The simplest command line:
phenix.structural_domain_search example.pdb
Runtime depends on the structure size, typically 1 min for structures between
200-300 residues, and 10 min for structures up to 1000 residues.
- max_iterations: controls how many low cuts to enumerate. Increasing this
number will make the search more exhaustive, but also slower.
- sufficient_count: terminate the search early if the requested number of
cuts have been found. It is probably a good idea to search for more than one,
since the lowest cut does not always correspond to the highest domain quality
score, but the default value (30) is perhaps slightly conservative, and good
results can be achieved with sufficient_count = 10. On the other hand, the
underlying clustering algorithm gets very slow when more then 100 values need
to be clustered, and hence this is a practical upper limit.
- min_size: minimum size for an acceptable domain. Domains smaller than this
will not be accepted. Default is 30.
- prune_fraction: controls whether to simplify the interaction graph by
joining low-connected vertices. This can make the correct domain
decomposition to appear earlier and hence make the search more efficient, at
a slight loss of cut precision. A typical prune_fraction is 0.05-0.15.
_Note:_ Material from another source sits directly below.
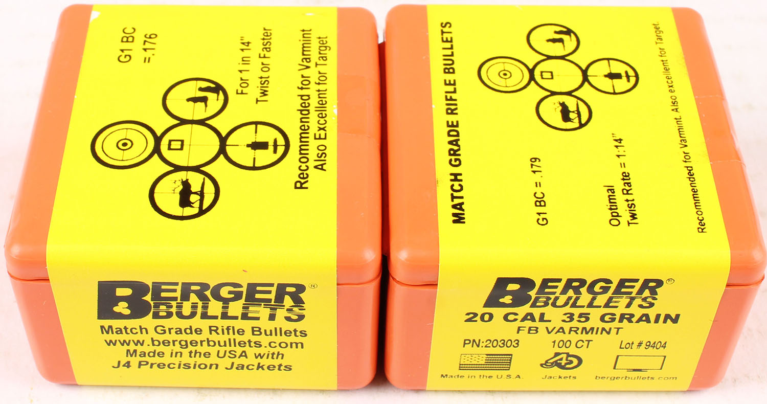 Berger, Lot of (2), .20 Cal., 35 Grain FB Varmint, Match Grade Rifle Rounds, FULL & SEALED, 1pc. Orange plastic boxes with yellow wraparound labels, both boxes mint, labels are intact. Grade: MINT - Value: 20 to 60
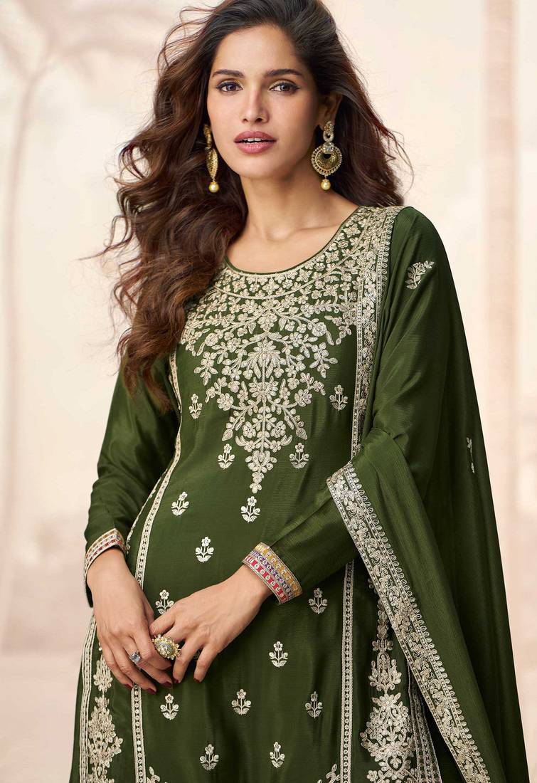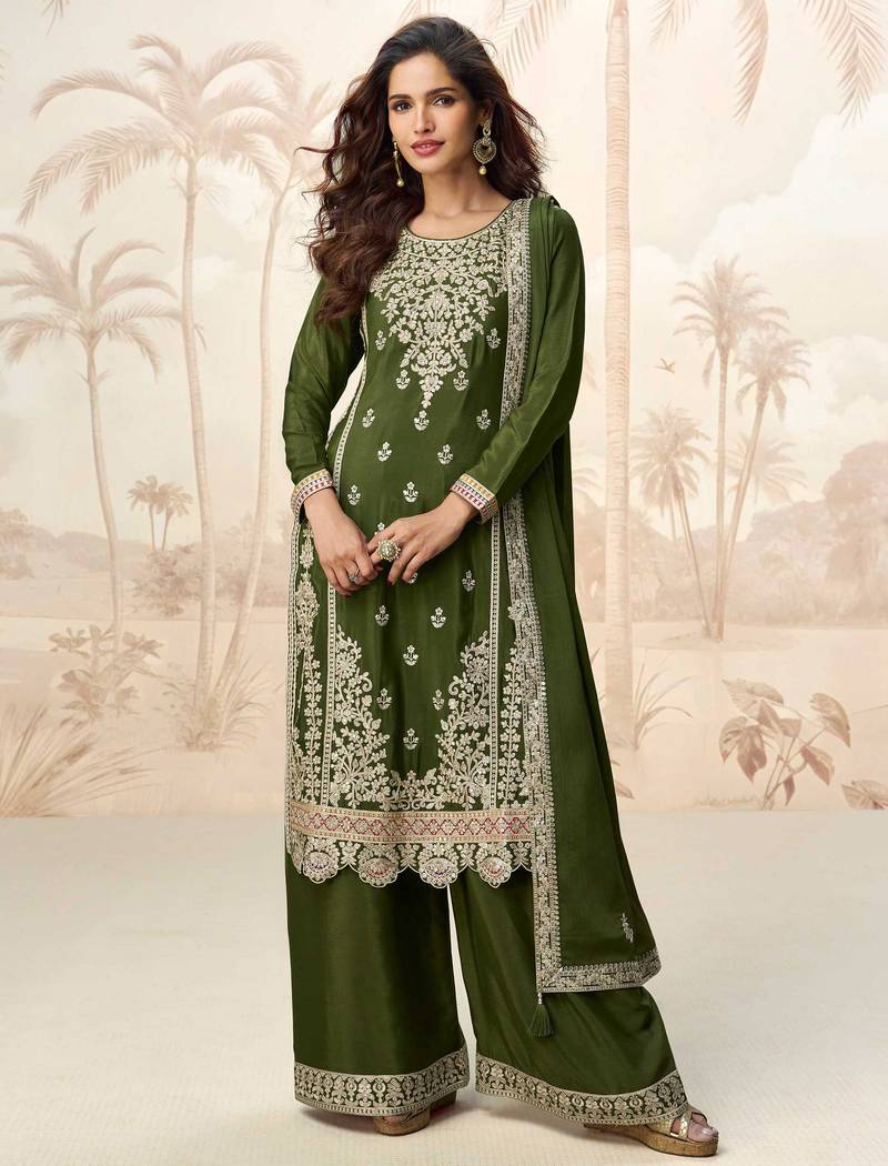 Product Name | Mehndi Green Embroidery & Sequins Work Chinnon Silk Straight Palazzo Suit Free Size Stitching (Size Upto 42") | |

- algorithm: the quick algorithm typically gives correct results, but for
some tricky (especially multiple domain) structures the thorough algorithm
may find a better decomposition. Running times up to 10 times of the quick
algorithm are not uncommon.
The program writes out the best domain decomposition for each chain, as a
series of .eff-files containing the residue segments.
All considered decompositions are recorded in the logfile.
Efficient Algorithms for the Problems of Enumerating Cut by Non-decreasing Weights. L.-P. Yeh, B.-F. Wang, and H.-H. Su. Algoritmica 5626, 297-312 (2010).
A simple min-cut algorithm. M. Stoer, and F. Wagner. Journal of the ACM 44, 585-591 (1997).
An Experimental Comparison of Min-Cut/Max-Flow Algorithms for Energy Minimization in Vision. Y. Boykov, and V. Kolmogorov. IEEE Transactions on Pattern Analysis and Machine Intelligence 26, 1124-1137 (2004).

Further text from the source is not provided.